**WHAT YOU HAVE TO DO:**
Leave the pictures out, and transcribe the material below exactly from the line with "Bing & Grondahl" to the line with "Lake Whatcom Waterfront", both lines included.

**RECORDS PROVIDED:**
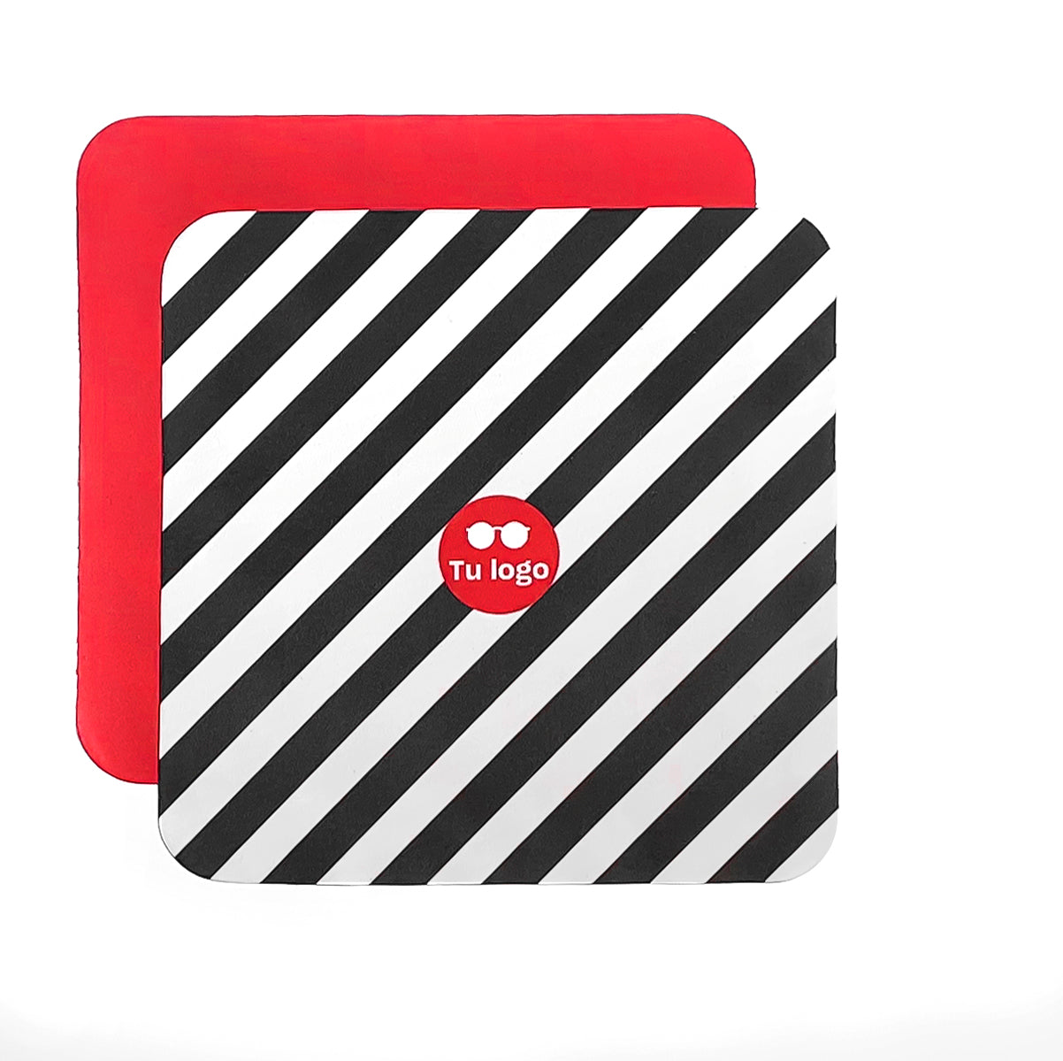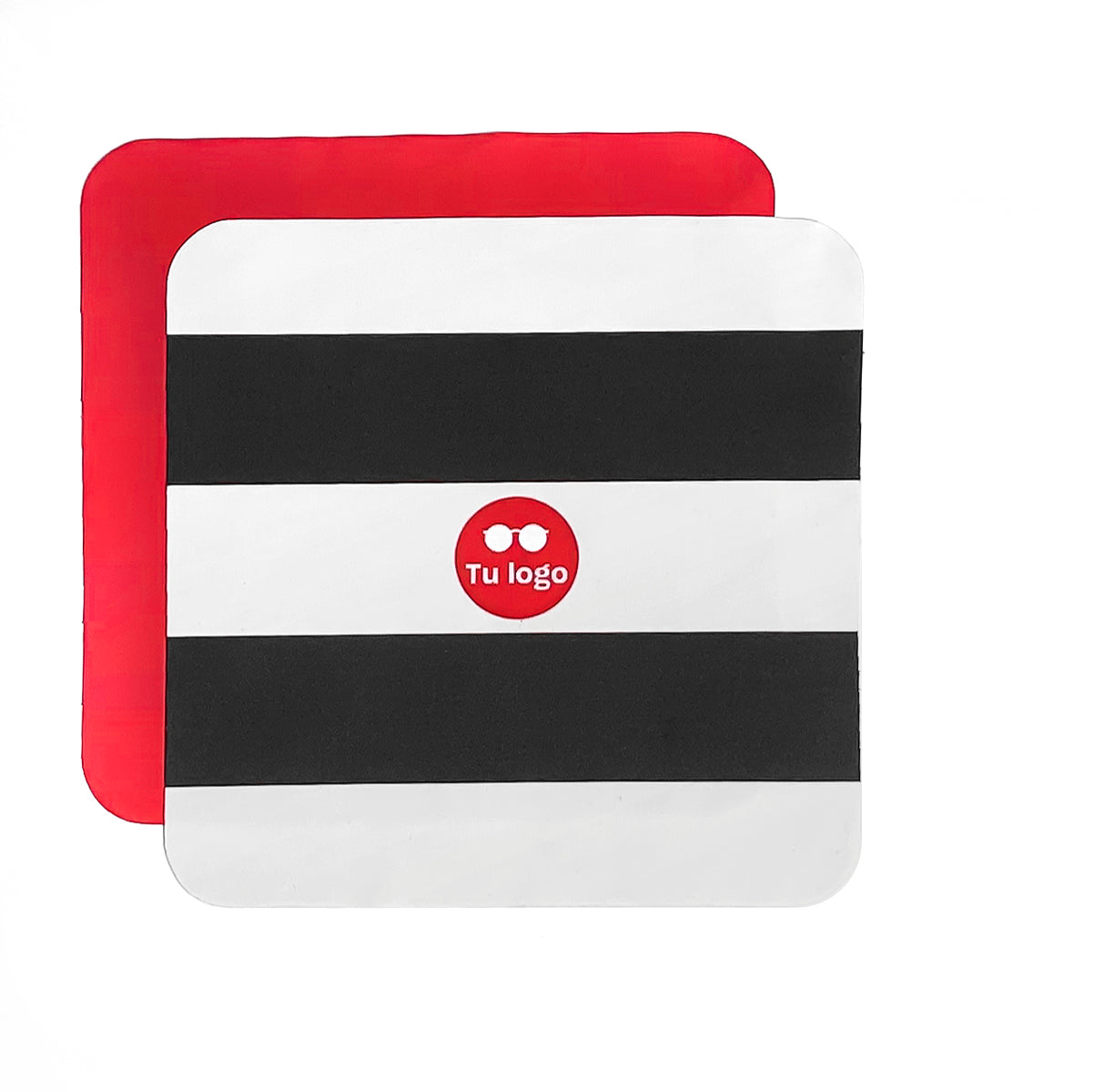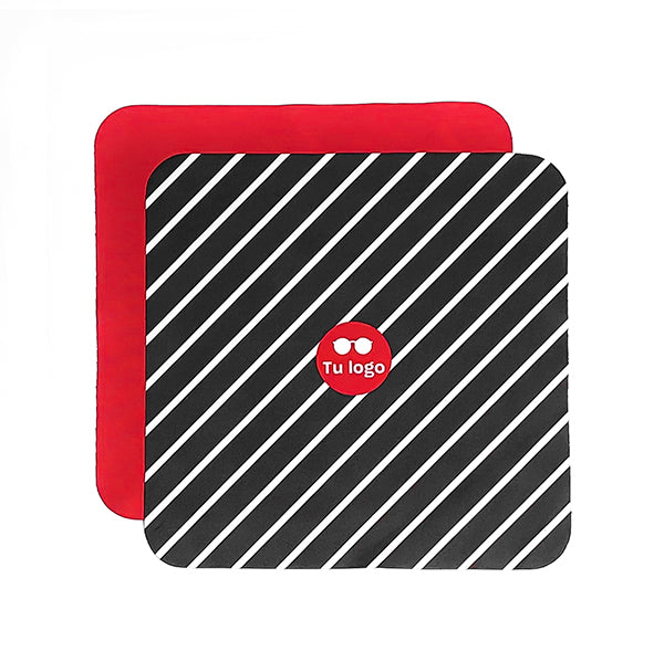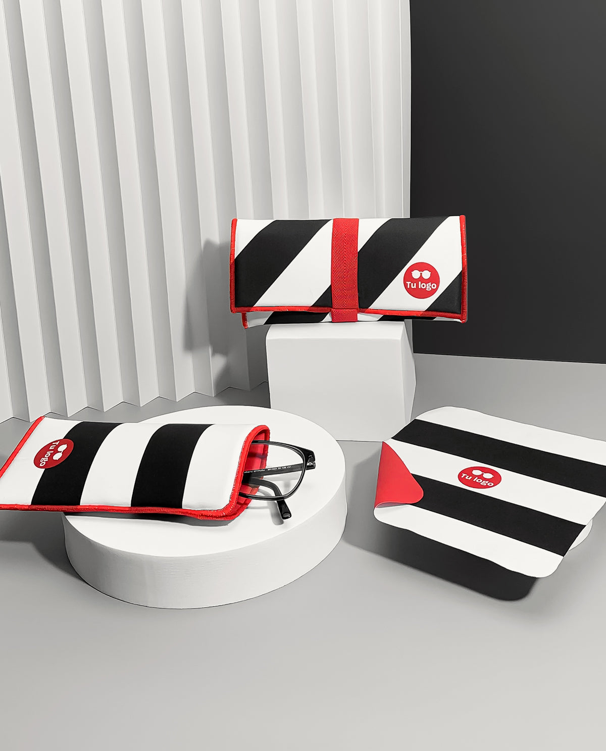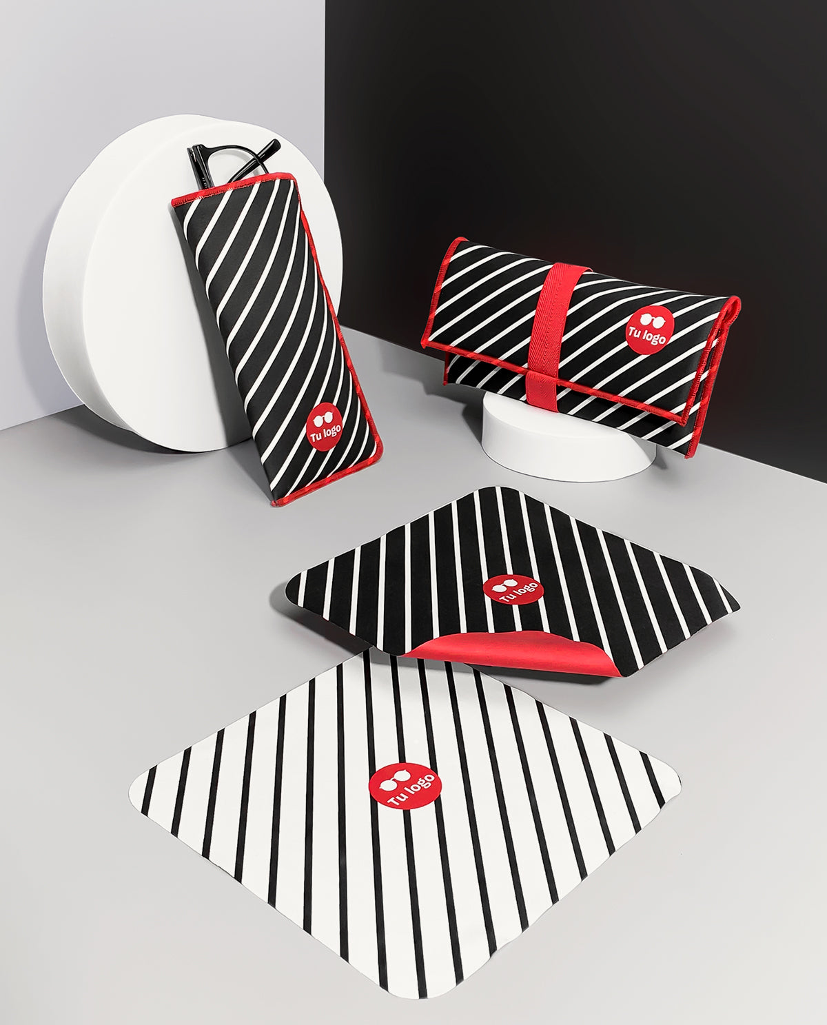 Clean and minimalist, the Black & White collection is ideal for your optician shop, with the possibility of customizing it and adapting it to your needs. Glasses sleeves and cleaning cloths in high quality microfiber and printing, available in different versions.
* * *
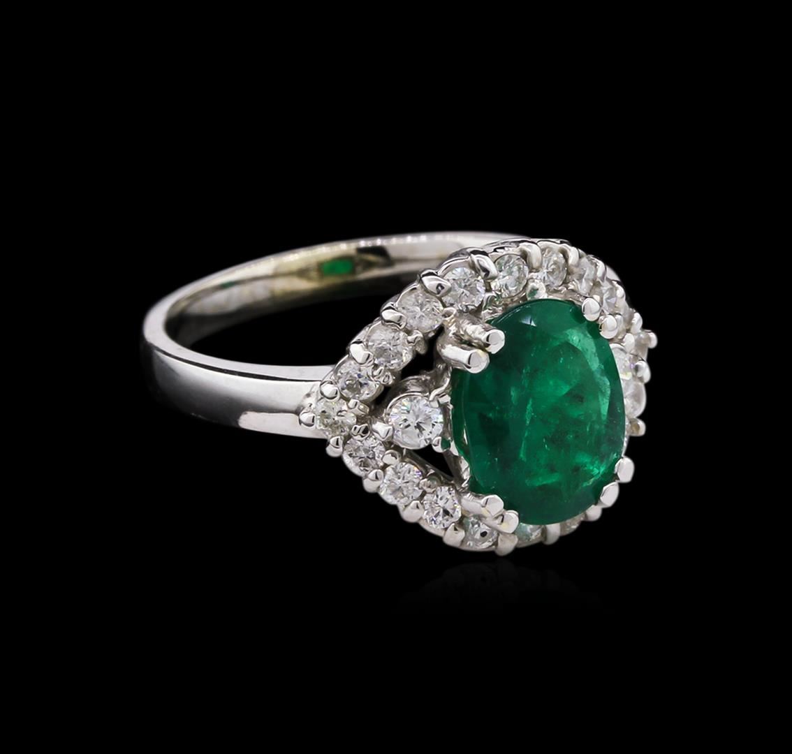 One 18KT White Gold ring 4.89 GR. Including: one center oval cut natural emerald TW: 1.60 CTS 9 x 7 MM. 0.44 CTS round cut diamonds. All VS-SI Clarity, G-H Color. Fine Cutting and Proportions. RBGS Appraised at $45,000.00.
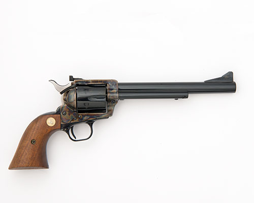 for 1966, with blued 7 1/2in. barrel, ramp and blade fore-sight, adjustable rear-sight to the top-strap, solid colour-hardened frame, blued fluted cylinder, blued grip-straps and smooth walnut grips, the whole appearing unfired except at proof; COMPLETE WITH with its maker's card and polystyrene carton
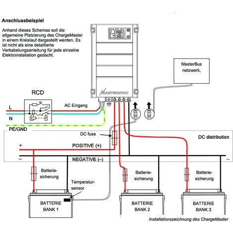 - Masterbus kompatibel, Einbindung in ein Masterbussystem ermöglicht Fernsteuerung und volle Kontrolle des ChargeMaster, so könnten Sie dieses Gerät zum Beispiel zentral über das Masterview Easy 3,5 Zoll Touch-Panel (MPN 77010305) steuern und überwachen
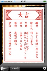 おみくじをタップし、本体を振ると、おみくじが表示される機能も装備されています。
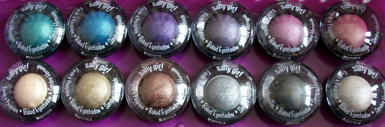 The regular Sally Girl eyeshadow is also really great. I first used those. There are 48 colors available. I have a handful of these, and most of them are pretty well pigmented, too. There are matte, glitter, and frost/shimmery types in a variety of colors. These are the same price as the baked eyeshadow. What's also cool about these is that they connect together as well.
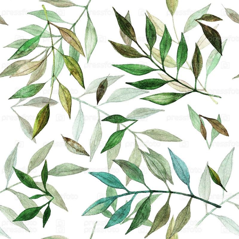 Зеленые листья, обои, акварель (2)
---
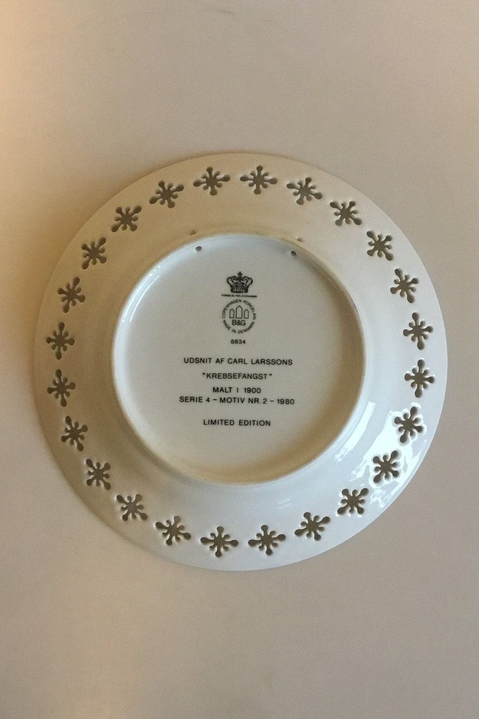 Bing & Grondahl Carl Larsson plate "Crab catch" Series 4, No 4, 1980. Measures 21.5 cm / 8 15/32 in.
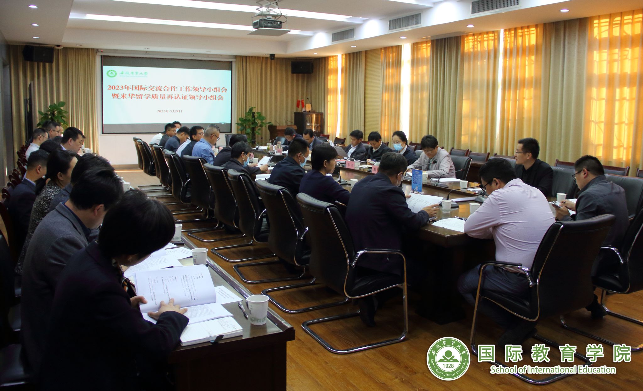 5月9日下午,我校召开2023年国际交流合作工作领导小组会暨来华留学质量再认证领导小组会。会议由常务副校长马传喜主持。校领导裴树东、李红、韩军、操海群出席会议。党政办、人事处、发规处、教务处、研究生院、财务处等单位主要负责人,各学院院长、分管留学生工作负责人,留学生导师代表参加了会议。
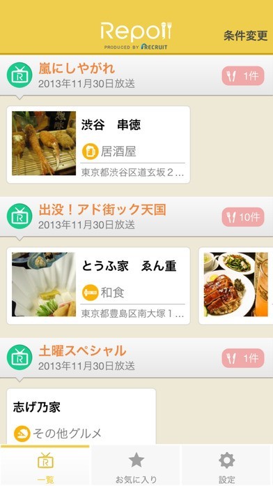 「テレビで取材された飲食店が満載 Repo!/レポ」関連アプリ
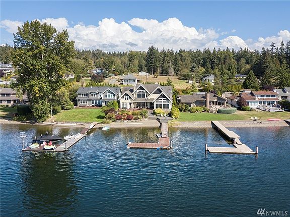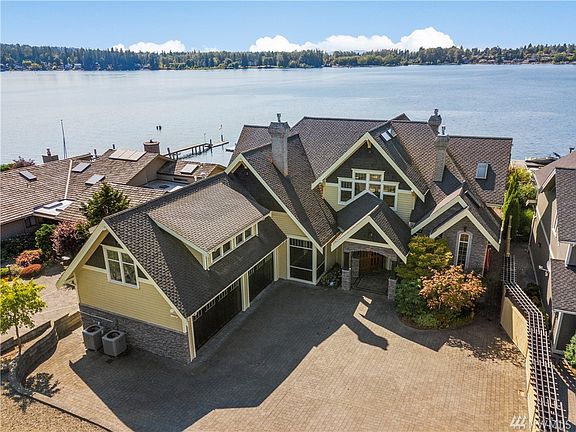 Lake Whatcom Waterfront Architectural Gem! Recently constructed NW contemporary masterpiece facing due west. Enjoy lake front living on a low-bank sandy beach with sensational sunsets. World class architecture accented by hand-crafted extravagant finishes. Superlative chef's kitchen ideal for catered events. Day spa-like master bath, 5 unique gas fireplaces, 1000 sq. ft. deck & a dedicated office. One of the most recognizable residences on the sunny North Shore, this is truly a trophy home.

**RESPONSE TO THE EXERCISE:**
 Bing & Grondahl Carl Larsson plate "Crab catch" Series 4, No 4, 1980. Measures 21.5 cm / 8 15/32 in.
 5月9日下午,我校召开2023年国际交流合作工作领导小组会暨来华留学质量再认证领导小组会。会议由常务副校长马传喜主持。校领导裴树东、李红、韩军、操海群出席会议。党政办、人事处、发规处、教务处、研究生院、财务处等单位主要负责人,各学院院长、分管留学生工作负责人,留学生导师代表参加了会议。
 「テレビで取材された飲食店が満載 Repo!/レポ」関連アプリ
 Lake Whatcom Waterfront Architectural Gem! Recently constructed NW contemporary masterpiece facing due west. Enjoy lake front living on a low-bank sandy beach with sensational sunsets. World class architecture accented by hand-crafted extravagant finishes. Superlative chef's kitchen ideal for catered events. Day spa-like master bath, 5 unique gas fireplaces, 1000 sq. ft. deck & a dedicated office. One of the most recognizable residences on the sunny North Shore, this is truly a trophy home.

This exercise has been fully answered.